Wednesday, November 5, 2008

"Almost everything else is off the table right now, with Obama having little financial room to do very much."

Paul Kedrosky with an excellent post:

"There are many things on here, including a healthy industry distrust of lying politicians and their promises. But it is mostly something else: Wall Street doesn't believe Obama, and it didn't believe McCain either. While Wall Street worried for a little while about Obama's tax increase promise, his pro union leanings, and his regulatory fervor, it now doesn't really care. Why? Because Wall Street knows that everything has changed, as happens with any battle plan after the first skirmish. President Obama can't raise taxes right now. A tax increase during the most severe U.S. economic downturn in modern memory would be a Depression-class error, the sort of thing guaranteed to get you in the history books, albeit for all the wrong reasons. So it's not going to happen.

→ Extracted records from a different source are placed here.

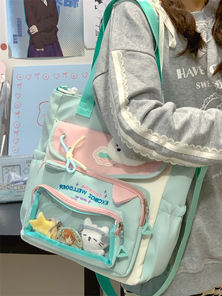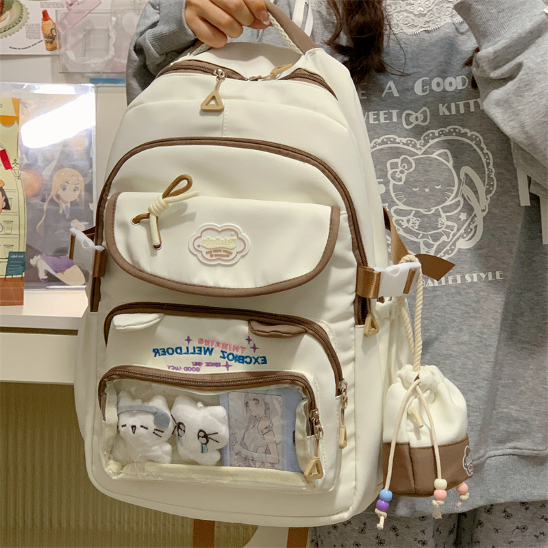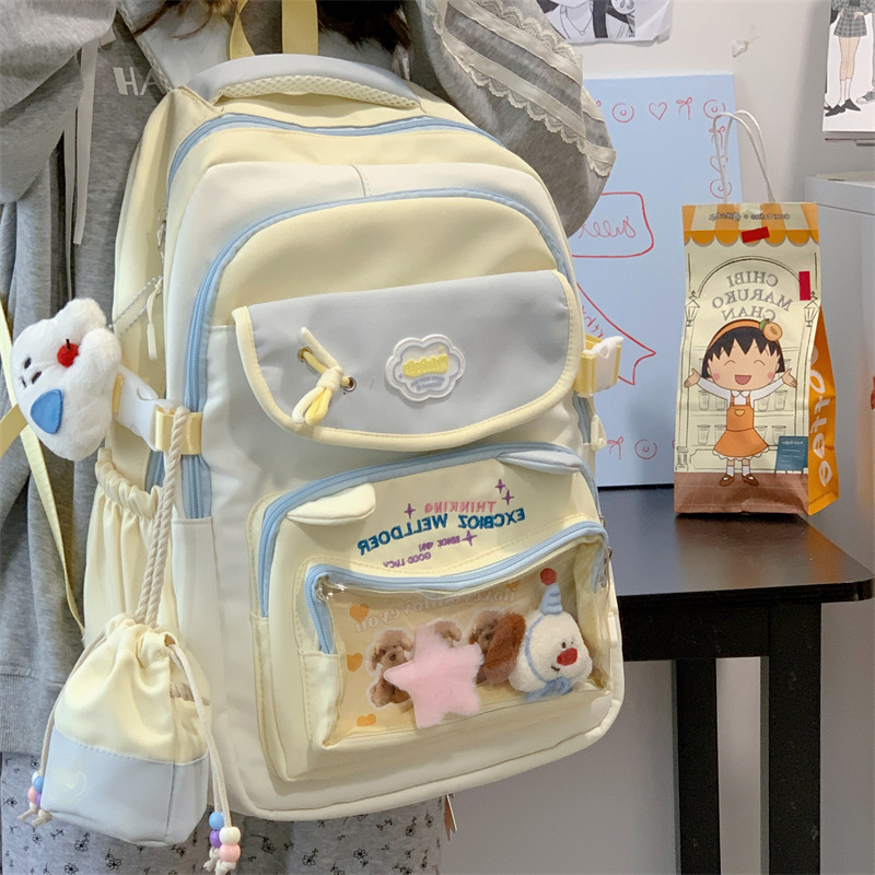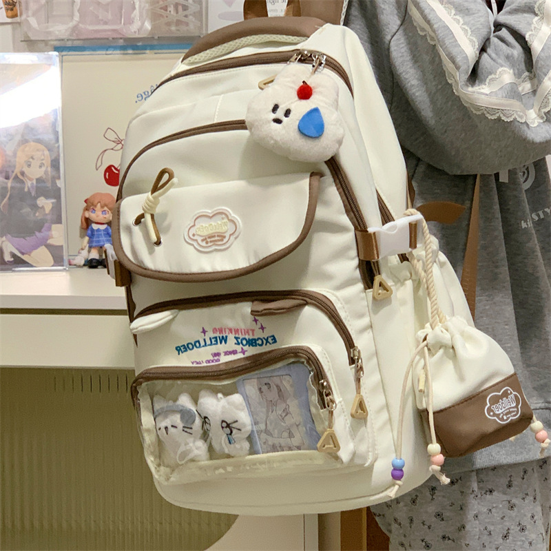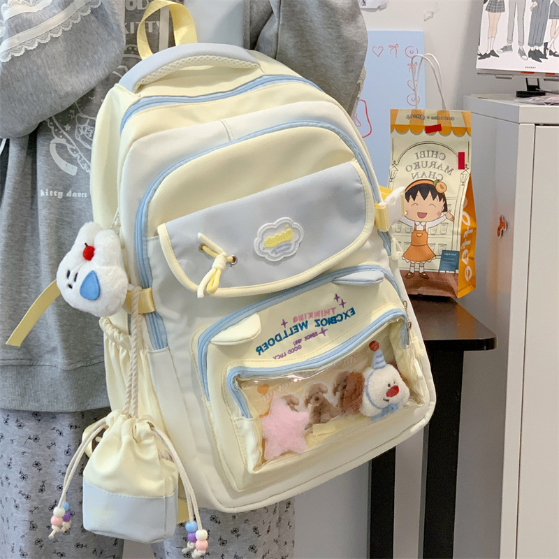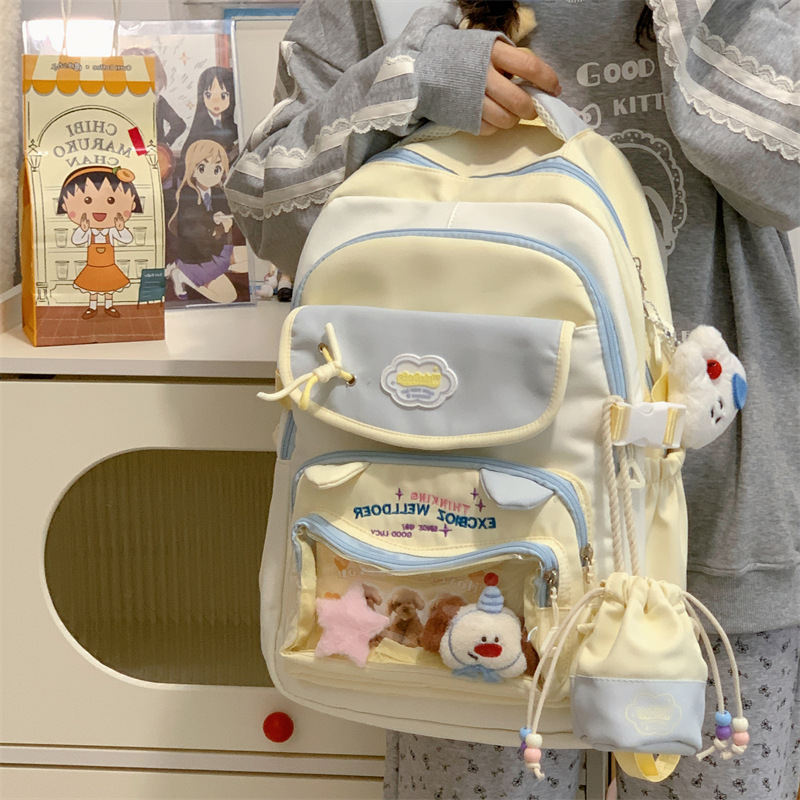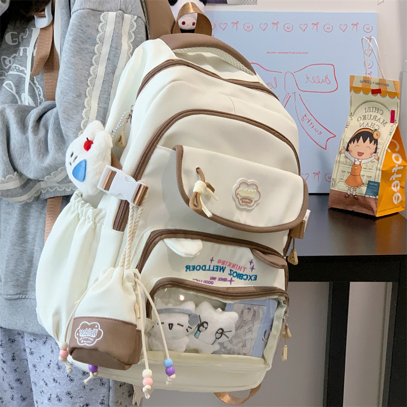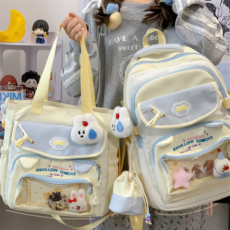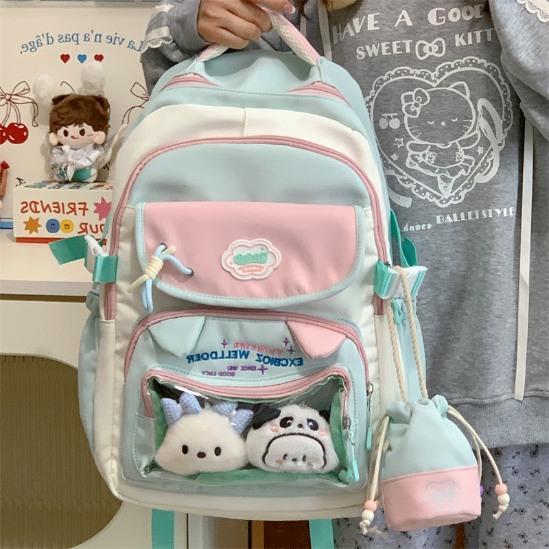 여성용 새로운 대비색 책가방, 고급스러운 대학 스타일, 달콤한 소녀의 통증 가방, 초중등 학생을 위한 투피스 백팩스토어 가기
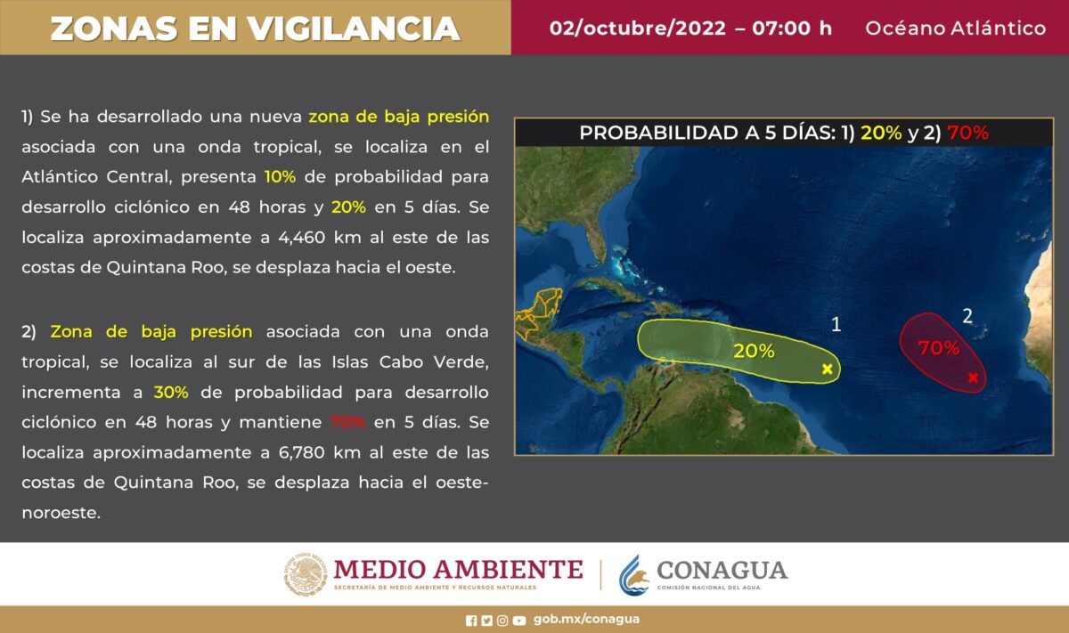 Pronóstico del clima para hoy domingo 2 de octubre en Quintana Roo. Para hoy el huracán «Orlene», de categoría 4 en la escala Saffir-Simpson, se desplazará cercano a las costas de Jalisco. Sus bandas nubosas ocasionarán lluvias intensas a torrenciales en zonas de Nayarit y Jalisco, muy fuertes a intensas en Colima y Sinaloa (sur), además de lluvias muy fuertes en Durango.
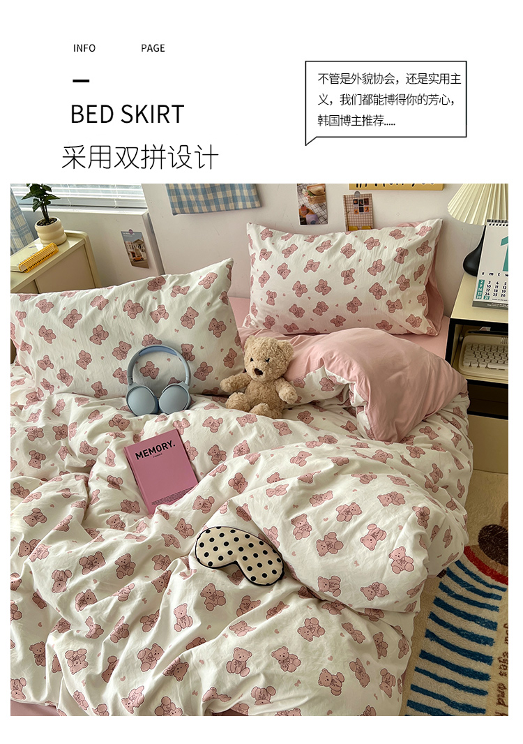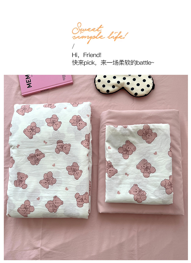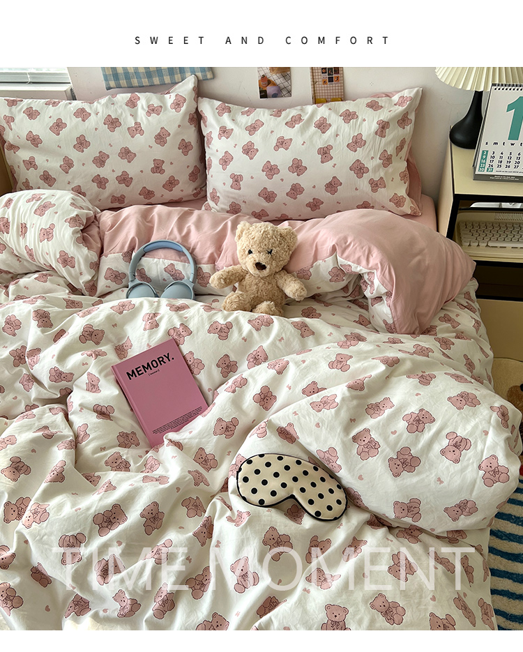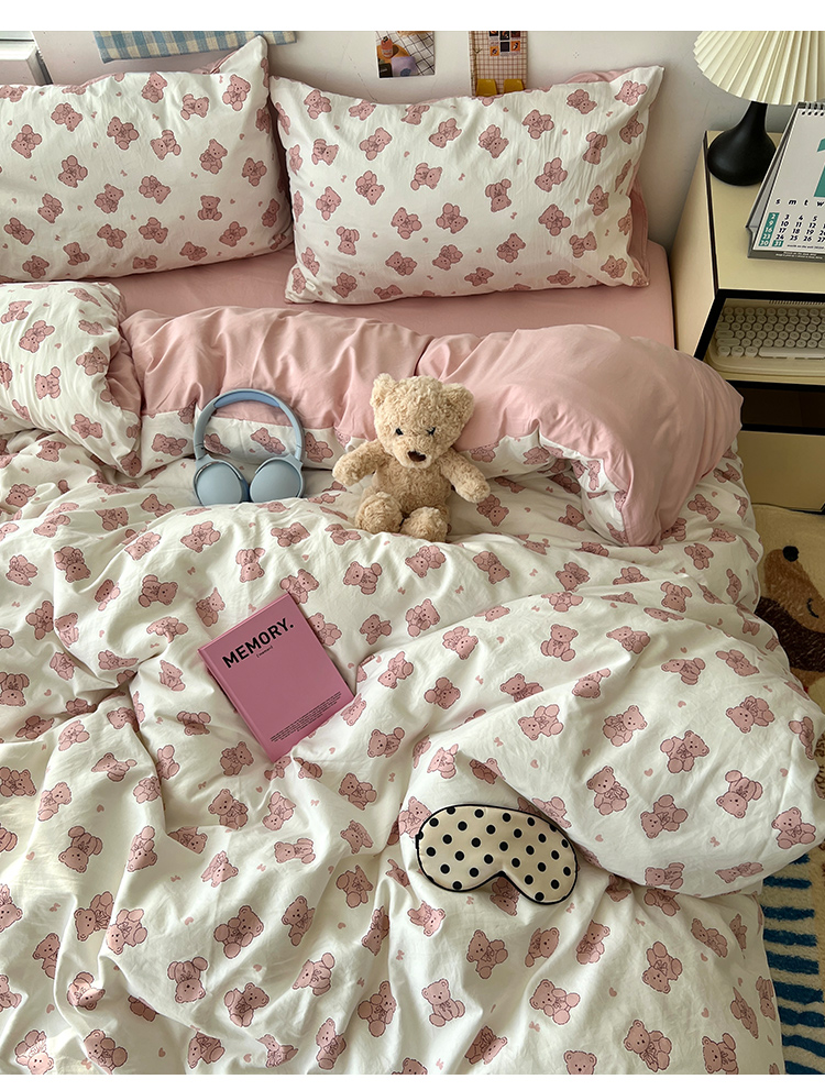 当前位置: 91家纺网 > 商品网购 > 床品套件 > 四件套 > 其它四件套 > 原素 2025软绵绵的双拼印花水洗棉四件套 韩系熊熊子

And it's not just tax increases that markets have discounted from Obama, it's pretty much everything, except for more bank bailouts, some regulatory reform, and one or two major financial stimulus packages. Almost everything else is off the table right now, with Obama having little financial room to do very much.

The same would have been true, of course, of President McCain, had he been the voters' choice. Either way, however, Wall Street has now given the presidential election a good close look and decided that it matters less than ever this time around. The financial services industry's recent collapse has turned to a smoking ruin the U.S.'s already burnt balance sheet, putting President Obama square into fire-fighting with a straw and no money for water. All he can do is try to survive in the face of massive deficits, a teetering economy and a looming social security nightmare. Wall Street has neatly managed to half-way marginalize President Obama, even if it had to gut itself and the economy to do it."

This is pretty much Peston's view and my view.